I'm half here and half there, these days.
I blame Betty.
One moment, I'm feeling like I've lost my will to be silly. I believe for certain that I've somehow plunged myself straight into the depths of eternal seriousness.
Two seconds later? I'm finding the answers to life's pressing questions in the lyrics of Michael Jackson's Beat It. No one wants to be defeated, man.
I spent last night and most of today at the annual Advisory Board retreat for my church. (You can read about last year's retreat here, but DO NOT click the link if you are adverse to Chuck Norris.) I walked away from the meeting tired (on account of the bad-news mattress) and a little nauseous (on account of the rotten cole slaw and boiled, busted-up hot dogs), but mostly, I felt excited.
There's so much mystery and suspense and bite-your-nails-clean-off-ness to this life, if we'll just show up with our eyes open and our palms facing up. We can make life as boring as we want to. We can play it safe and watch the color drain straight out the bottom of our world. Or we can skydive.
I fell asleep on the bottom bunk thinking that maybe God is doing a new thing.
Then I thought, no, He's not new. He doesn't need to improve on his mission and his perfect purpose. He has no need for a grand re-opening.

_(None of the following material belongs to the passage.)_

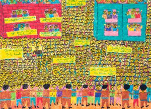 We at the Children's Art Foundation were very lucky to be given these extraordinary felt pen drawings by the Egyptian government in the late 1970s. Besides being unusually strong works of children's art most of them depict a day in history that still resonates: the visit by Egyptian President Anwar Sadat to Israel in 1977 to negotiate a peace treaty.

Then I thought, "But what about New Thang? Am I really open to the possibility that DC Talk's theology wasn't always spot-on?"
Then I chalked it up to the foolishness of youth. (Theirs and mine.)
God's not doing a new thing or even a new thang. He's reigning sovereign and powerful and fiercer than fire. He's as rowdy as ever. And we're finally, just barely, catching on.
This is the life I choose, thank you very much. It's way, way better than being a pew potato.